In Sula, Morrison tacitly argues that the terms in which such protests are couched betray the tragic fact that black men remain trapped in the white man’s nightmare. To think of relations between men and women as “the black man’s right to his women” (my emphasis) is to enlist on the side of the oppressors by agreeing to participate in a system that perceives women primarily as the objects of exchange between men, with the effect of poisoning relations between black men and black women.4 The passage quoted from Baldwin defines the slave as a male, both by the use of the male pronoun and by the emphasis on “manhood,” ignoring the fact that black women also were enslaved while focusing exclusively on what slavery meant to men. This focus eclipses black women’s history, doing to black women something close to what war did to Shadrack and what slavery tried to do to all black people: leaving them with “no past, no language, no tribe, no source.” To the extent that Baldwin’s phrasing of the problem is representative of texts written by black men in the 1960s and early ’70s—and I think that it is—, it illustrates the ways in which black women are multiply oppressed, by the dominant culture and, far more painfully, by their own brothers, fathers, sons.

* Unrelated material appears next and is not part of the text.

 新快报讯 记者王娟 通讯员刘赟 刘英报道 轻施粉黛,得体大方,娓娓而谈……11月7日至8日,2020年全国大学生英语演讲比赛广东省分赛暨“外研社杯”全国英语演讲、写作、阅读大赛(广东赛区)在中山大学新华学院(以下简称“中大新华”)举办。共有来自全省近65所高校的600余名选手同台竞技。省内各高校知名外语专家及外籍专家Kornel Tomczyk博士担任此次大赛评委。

Sula shows the men of the Bottom, with the sole exception of Ajax, turning to women for support, but offering very little support or even acknowledgment in return.
Early in her life, Sula sees a problem between men and women but is unable to articulate it until she returns to the Bottom from her mysterious ten-year journey. When she is twelve, her response to Shadrack’s “always” is sheer terror, because this seems to condemn her to a future in which nothing changes, and she longs for change, since she does not want to live as the women of the Bottom do, in thrall to male needs, male desires, male rules. This is the day on which she determines to lead “an experimental life,” the day on which she and Nel enact a rite of passage into adult sexuality through their ritualistic digging in the earth with twigs (58), the day “her mother’s remarks [that she loves but does not like Sula] sent her flying up those stairs,” the day “her one major feeling of responsibility had been exorcised on the bank of a river with a closed place in the middle” (118). At twelve, she learns that “there was no other that you could count on” and “that there was no self to count on either” (118-19). Her travels, particularly her experiences with men, make her realize that “a lover was not a comrade and could never be—for a woman” (121). Sula thinks of Nel not as an “other,” but as a second self, but Nel betrays her by choosing a man and marriage over their friendship (Jude over the self, in other words).

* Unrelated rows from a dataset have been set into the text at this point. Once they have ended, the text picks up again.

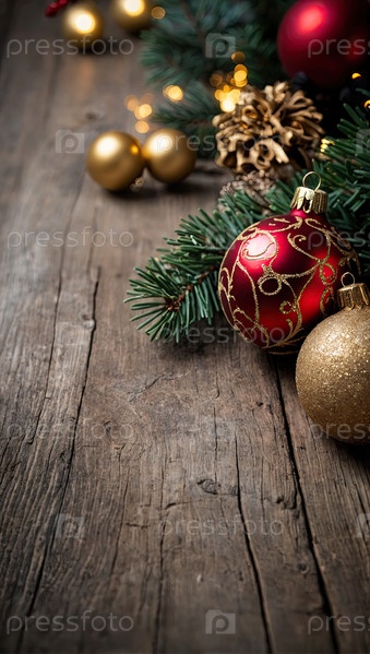 Рождественская открытка с кописпейсом на уютном деревянном столе с елкой, рождественскими шарами, свечами, конусами и блестками
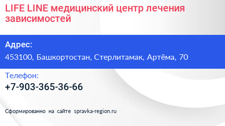 LIFE LINE, медицинский центр лечения зависимостей по адресу 453100, Башкортостан, Стерлитамак, Артёма, 70 в дальнейшем Организация, размещена в следующих категориях:
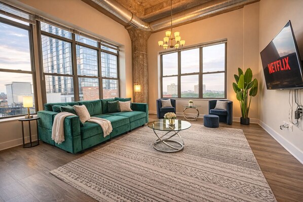 Perfectly located just steps from McCormick Place, Soldier Field, and the heart of the South Loop. This bright and modern 3-bedroom, 2-bathroom corner suite offers comfort, space, and unbeatable city access. Whether you're here for a convention, vacation, or remote work, our suite is tailored to fit groups of up to 10 guests comfortably.
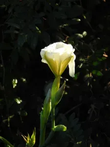 White Cemetery Iris (Iris Albicans) is a perennial bulb in the Iridaceae family with easy care difficulty. It requires moderate watering and full sun light in USDA hardiness zones 7-9. This plant is toxic to cats and dogs — keep it out of reach of pets.

When Sula walks away from Nel’s and Jude’s wedding “with just a hint of a strut” (85), not to be seen again in the Bottom for ten years, she is embarking on a foredoomed quest for types of friendship and of selfhood that she finally discovers to be impossible. In college, and in Nashville, Detroit, New Orleans, New York, Philadelphia, Macon, and San Diego, Sula is looking for a replacement for Nel, who had been to Sula “the closest thing to both an other and a self” (119), but she learns “that no one would ever be that version of herself which she sought to reach out to and touch with an ungloved hand” (121). Sula makes the double mistake of thinking that other places are different from Medallion in ways that would significantly affect her personal possibilities and of believing that she will be able to find a self by exploring the wider world. Her disillusionment is expressed in an apparently enigmatic comment to Nel, who tells Sula that she has been away for too long. “Not too long, but maybe too far,” Sula replies (96). Nel finds this incomprehensible, and Sula is either unable or unwilling to explain herself further, but her reasoning is not very difficult to follow: She has traveled too far, seen too many places, to retain any hope that somewhere, in some place as yet unknown, she might find the object of her quest. Her journey has convinced her that every city “held the same people, working the same mouths, sweating the same sweat” (120)—there is no promised land of freedom to look toward.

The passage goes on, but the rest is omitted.